あまりに親切なフィジー人に魅せられる

学校を卒業後、親の会社で働いたり、仲間と起業してビジネスを始めたりした谷口氏だったが、仕事は楽しいものではなかったという。そんな中、フィジーと出合ったきっかけは、「運転免許証を取るため」という意外なものだった。

「当時、フィジーなら旅行者でも運転免許証を取れると知り、そのために渡航したのですが、フィジーの運転免許センターで申請を待っていると、そこで出会った親切なおじさんから『暇なら家に遊びに来ないか?』と誘われました。そうしておじさんの家で夕食をご馳走になっていると、今度はその家に来ていたおばさんから誘われ、翌日はそのおばさんの家で昼食をご馳走になることに。

そんなことが繰り返され、ほぼ1週間、ほとんどお金を使うことなく過ごすことになったのです。しかもその間、ずっと笑って過ごしていました」

当時、日本での仕事に疲れてしまっていた谷口氏は、すっかりフィジーに魅せられた。そこで、なんとかフィジーでビジネスができないか、模索を始めた。

「いろいろ調べているうちに、ある問題が見えてきました。フィジーは少子化が進んでおり、学校の校舎の半分が使われなくなっていたのです。さらに、子供の数が少ないため、大学を卒業して教員の免許を取っても働き口がない人が大勢いるという問題もありました。

一方、フィジーの公用語は英語。しかも先ほどご紹介したとおり、非常にフレンドリーな人ばかりです。余っている校舎や働き口のない人々を活用することで語学学校ができるのではないか。そう考えたのです」

そこで谷口氏はフィジー政府と交渉し、使われなくなっている教室を安く借り上げることに成功。2004年、仕事のない先生たちを雇用し、日本人の学生を中心に非英語圏の留学生たちに英語を教える語学学校をスタートした。

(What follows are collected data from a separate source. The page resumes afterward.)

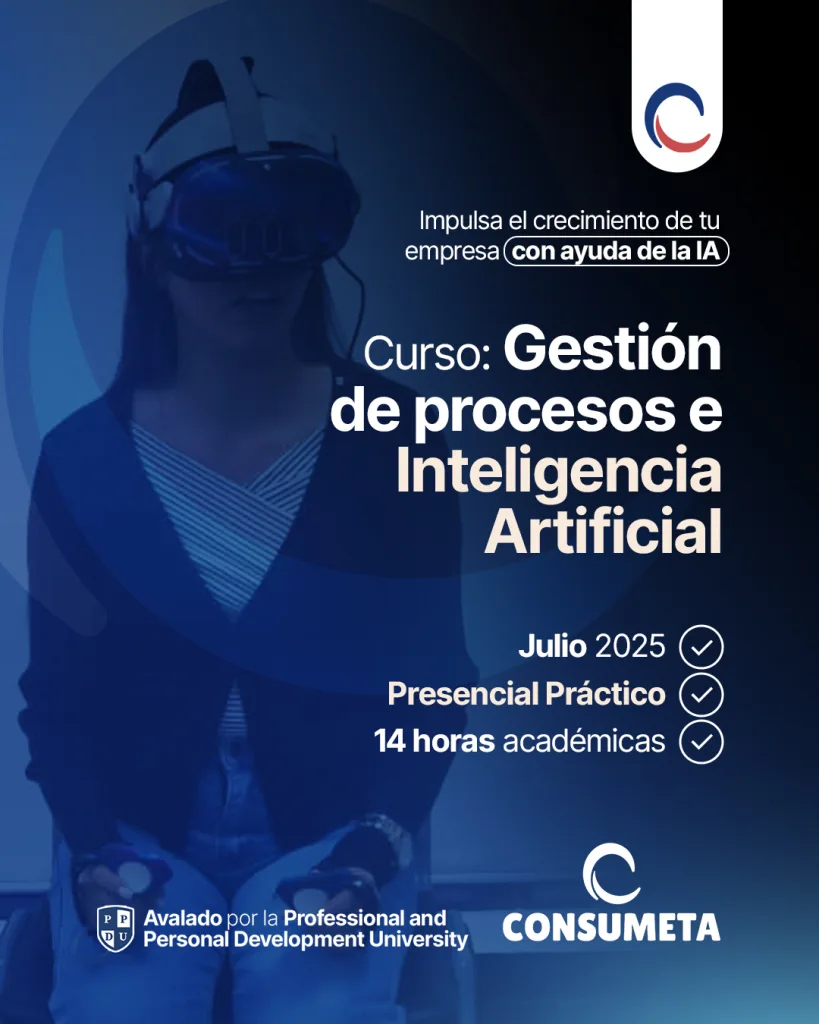 El curso Gestión de Procesos e Inteligencia Artificial de CONSUMETA es una experiencia formativa de 14 horas académicas que transforma la eficiencia operativa en ventaja competitiva. A través de dos módulos intensivos, los participantes aprenden a mapear, rediseñar y optimizar procesos clave, integrando herramientas de IA para automatización, análisis predictivo y mejora continua. El resultado: organizaciones más ágiles, inteligentes y sostenibles.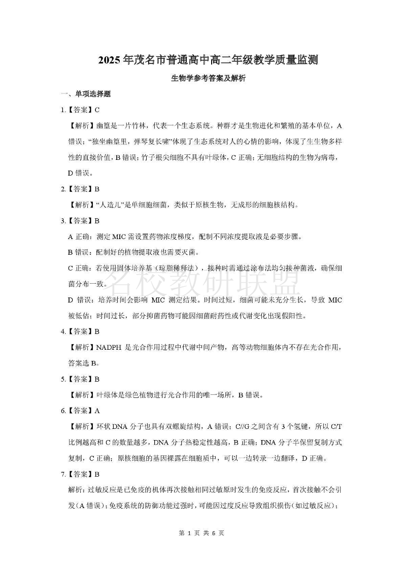 2025年茂名市普通高中高二年级教学质量检测 生物答案.pdf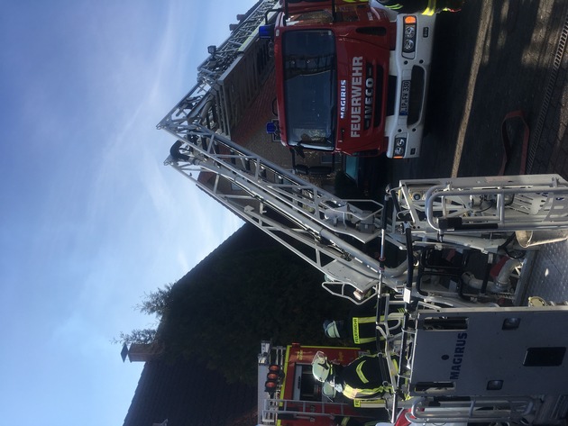 Zur Unterstützung wurde die Drehleiter vom Löschzug Lage nachalarmiert und der zuständige Schornsteinfegermeister zur Einsatzstelle geordert.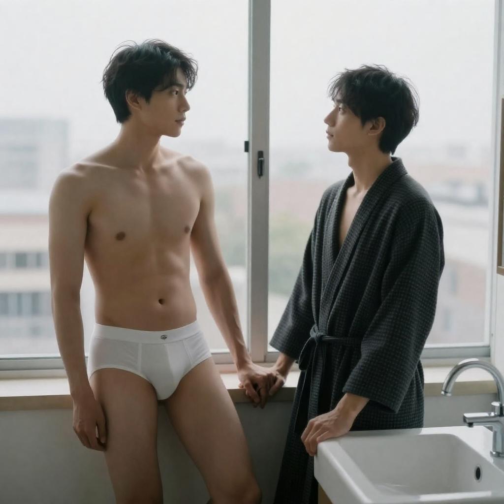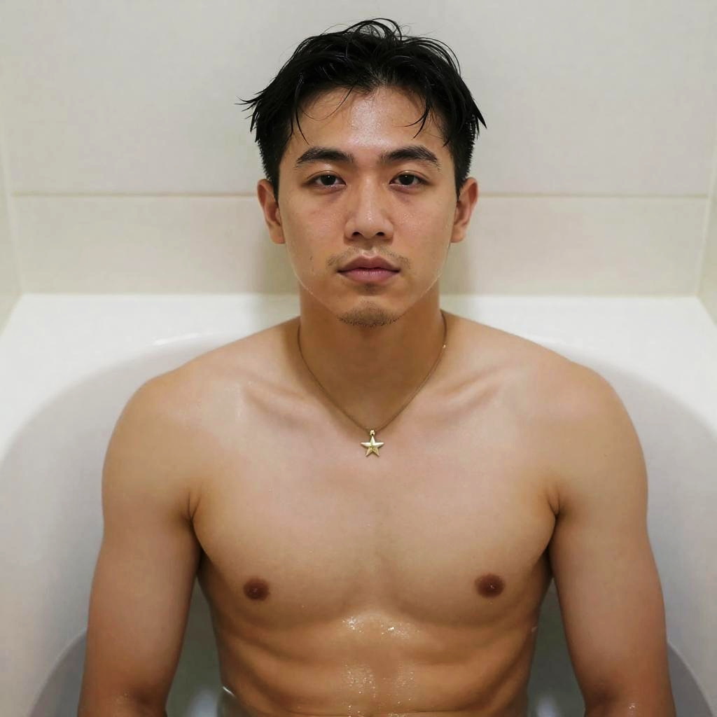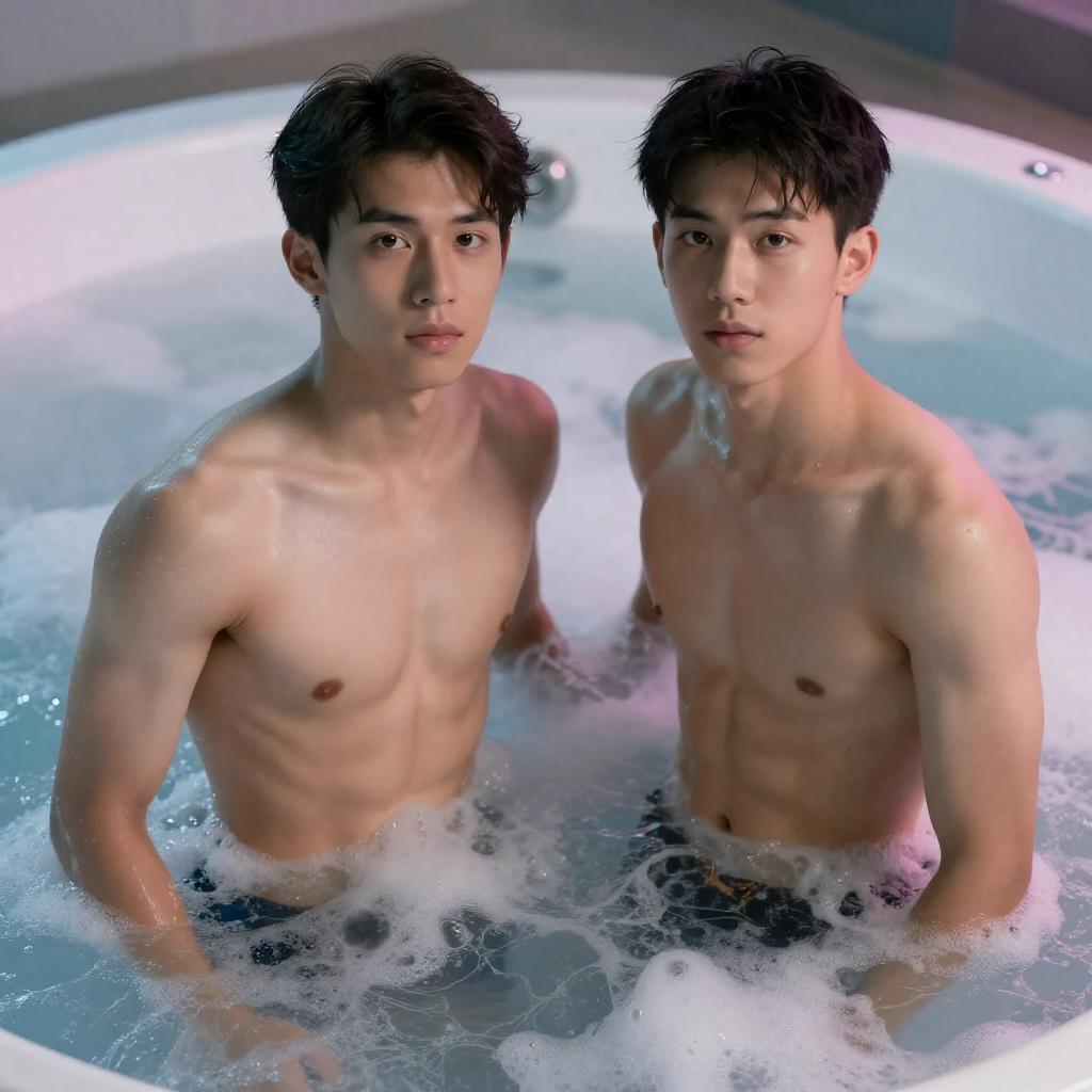 Photograph of two shirtless young men with short dark hair, standing side by side in a bubbling blue and pink bath. Both have light skin and muscular builds. They face forward with serious expressions. Foamy bubbles surround them. Blue and pink lighting creates a dynamic atmosphere.
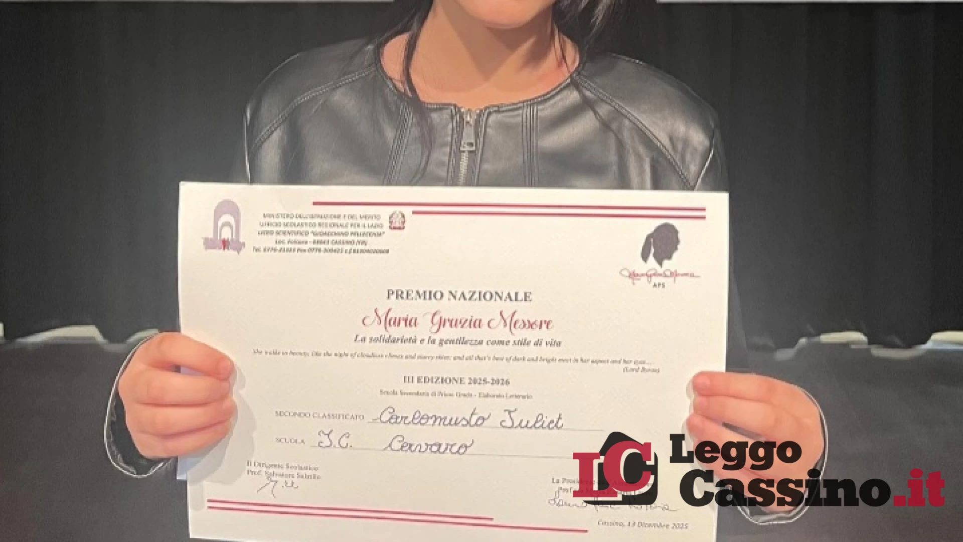 Accanto al successo di Juliet Carlomusto, il Premio ha visto distinguersi anche ex alunni dell’Istituto Comprensivo di Cervaro – plesso di San Vittore del Lazio, oggi impegnati nelle scuole secondarie di secondo grado del territorio. La prova si è svolta il 21 novembre 2025 presso il Liceo Scientifico “G. Pellecchia”, mentre la cerimonia di premiazione ha avuto luogo nel pomeriggio di sabato 13 dicembre, alla presenza di studenti, famiglie e docenti.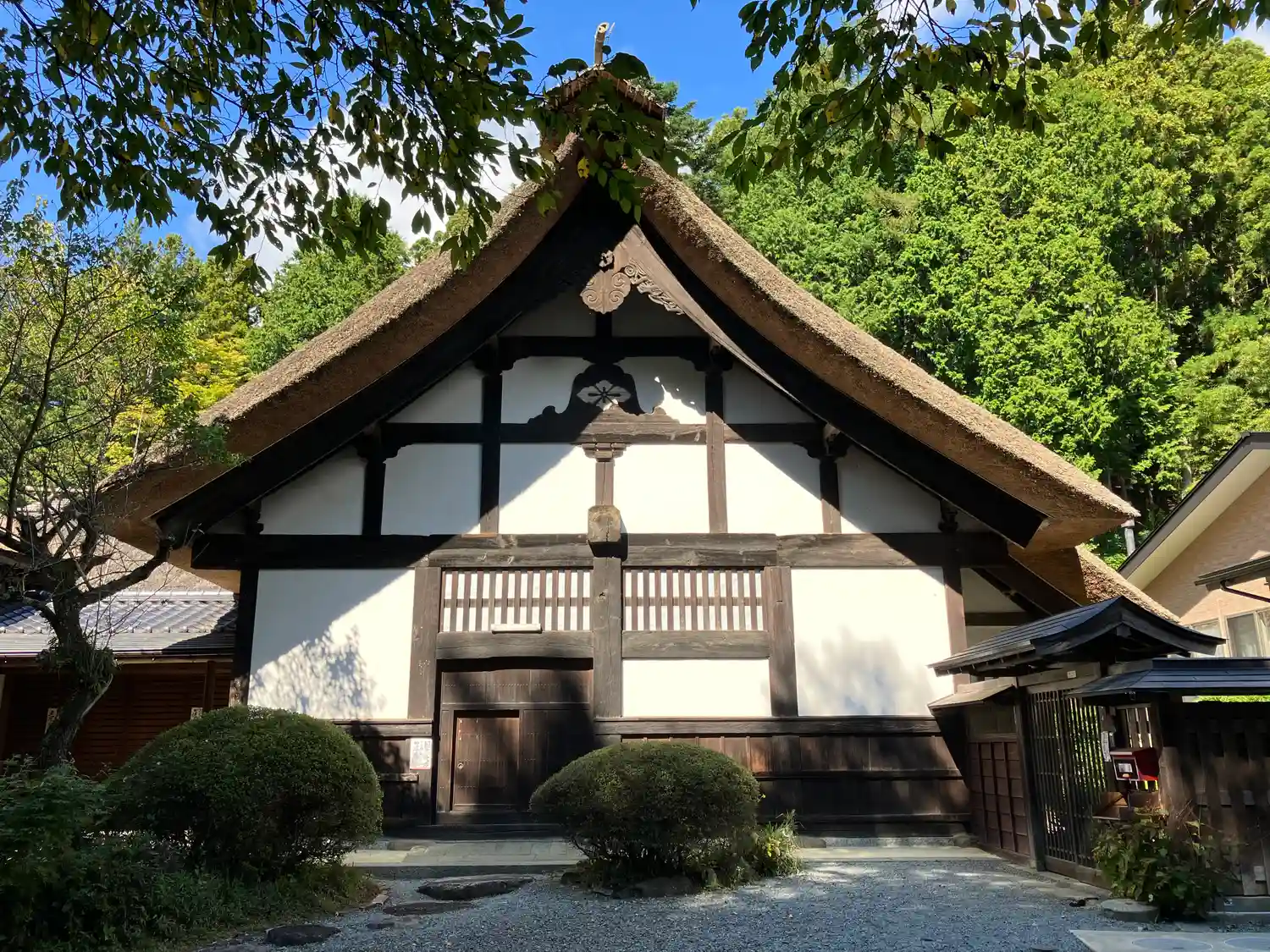 本堂の右側にある<庫裏>。江戸時代前期の建立で、桁行十間、梁間五間、東側面庇付、一重切妻造、妻入、庇葺きおろし、茅葺。国指定の重要文化財。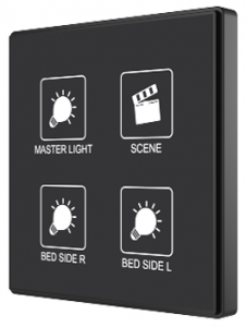 Les fonctions de pilotage des éclairages KNX sur les interrupteurs et les écrans tactiles sont personnalisées en fonction de chaque logement. Les boutons poussoirs et touches peuvent être programmées pour piloter chaque éclairage séparément, pour piloter un groupe d’éclairage ou pour les piloter en scénario (par exemple : éteindre tous les éclairages lors du départ). Il est aussi possible de prévoir une valeur préférée pour les éclairages à variation (par exemple : allumage à 10% pour la nuit…).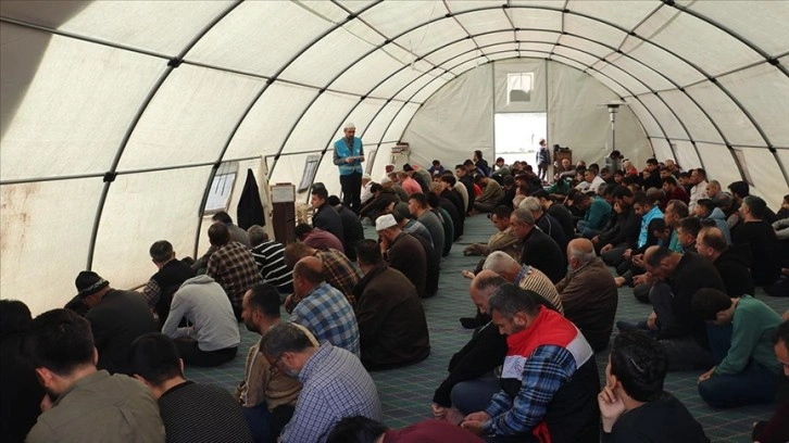 Çadır mescitte kılınan namaz öncesi vaaz verildi, depremlerde hayatını kaybedenler için dua okundu.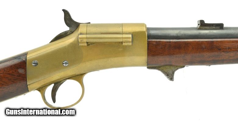 Description: "Extremely Rare Warner Sporting Rifle. Only one of these we have seen, or even heard about for that matter. This gun is in very fine original condition with 75%-80% of the original blue remaining on the barrel. The frame is excellent and has nice clear markings. The wood is deluxe walnut in excellent condition and has lots of figure to the wood. The bore is very good. These sporting rifles are mentioned in the book, but says they are rare and that they do not know how many were made. Very fine, rare gun! SOLD |

「スタート直後から人気で、2年後には2校目を開設。気が付けば世界で2番目に大きな語学学校になっていました。格安の授業料が支持されたことはもちろんですが、フィジー人たちの温かいホスピタリティーのおかげで、学生たちの英語力が予想以上に伸びたことが評価されたのだと思います」

人員整理の危機を乗り越えた「裏ワザ」

アスペルガー,谷口浩
授業風景。英語を公用語とし、かつフレンドリーなフィジー人の授業に対する評価は高い。(画像=THE21オンライン)

2007年、日本で開催されたベンチャービジネスの大会でプレゼンを行なうと、投資家から増資の話が殺到。上場も視野に入り、ビジネスは順風満帆に進むかに見えた。だが、そこでリーマンショックに直面。学生数は急激に落ち込み、社員の人員整理の話も出た。

「それでも、僕は『諦める』ことができません。どうしても社員の首を切りたくなかった。そこでいろいろ考えた結果、『社員に無料でフィジー留学してもらうことで、景気が回復するまで待機してもらう』という方法を思いついたのです。これなら社員を首にせずに済み、かつ、無為に過ごしてもらうこともなくなります。

すると、その話をどこかで耳にした某大手商社の人事部から問い合わせが入ったのです。その会社では景気の悪化で50名ほどの大学生が内定切りを迫られていたのですが、それはさすがに忍びない。そこで同様に、フィジーで1年間ほど英語を勉強させながら、待機させておきたいという話でした。